Assigned task
Your answer must be an exact copy of the data, without any pictures.

Raw data
BEGIN
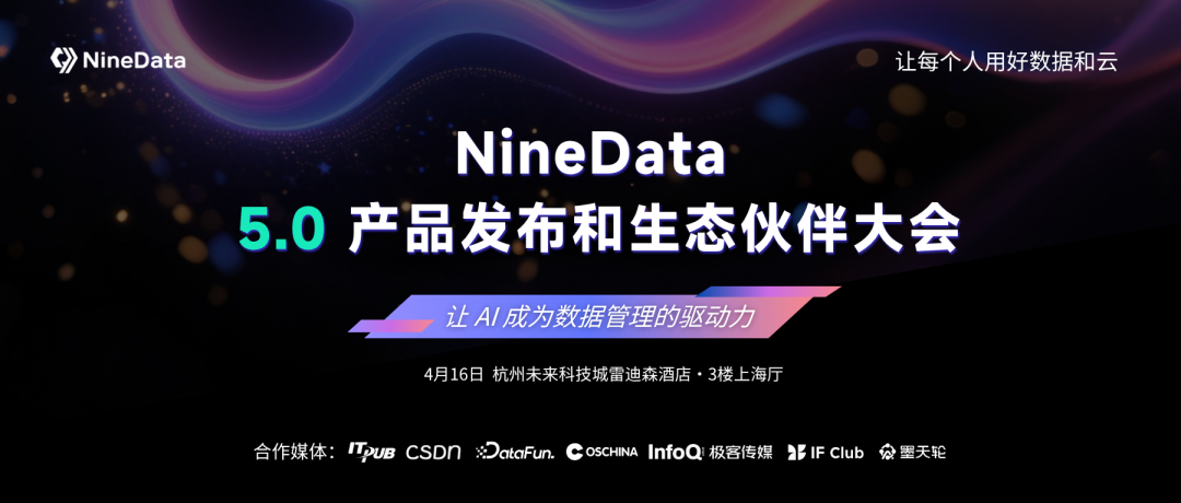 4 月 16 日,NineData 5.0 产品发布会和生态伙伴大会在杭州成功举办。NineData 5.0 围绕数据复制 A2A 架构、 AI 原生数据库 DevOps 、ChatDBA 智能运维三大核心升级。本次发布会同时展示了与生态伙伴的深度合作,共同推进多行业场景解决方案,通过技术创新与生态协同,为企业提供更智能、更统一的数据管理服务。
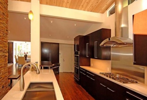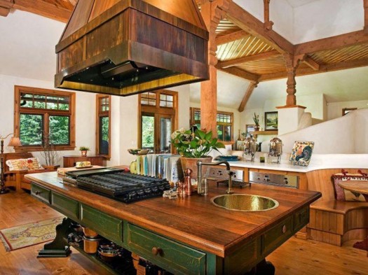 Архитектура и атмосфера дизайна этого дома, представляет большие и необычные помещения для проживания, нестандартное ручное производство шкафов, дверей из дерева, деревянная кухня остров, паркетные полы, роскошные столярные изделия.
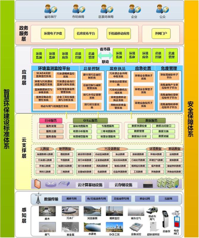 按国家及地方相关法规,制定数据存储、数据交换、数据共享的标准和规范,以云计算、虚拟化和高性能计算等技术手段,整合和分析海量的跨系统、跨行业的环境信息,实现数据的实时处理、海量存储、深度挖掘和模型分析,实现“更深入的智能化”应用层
END
Exercise answer
 4 月 16 日,NineData 5.0 产品发布会和生态伙伴大会在杭州成功举办。NineData 5.0 围绕数据复制 A2A 架构、 AI 原生数据库 DevOps 、ChatDBA 智能运维三大核心升级。本次发布会同时展示了与生态伙伴的深度合作,共同推进多行业场景解决方案,通过技术创新与生态协同,为企业提供更智能、更统一的数据管理服务。
 Архитектура и атмосфера дизайна этого дома, представляет большие и необычные помещения для проживания, нестандартное ручное производство шкафов, дверей из дерева, деревянная кухня остров, паркетные полы, роскошные столярные изделия.
 按国家及地方相关法规,制定数据存储、数据交换、数据共享的标准和规范,以云计算、虚拟化和高性能计算等技术手段,整合和分析海量的跨系统、跨行业的环境信息,实现数据的实时处理、海量存储、深度挖掘和模型分析,实现“更深入的智能化”应用层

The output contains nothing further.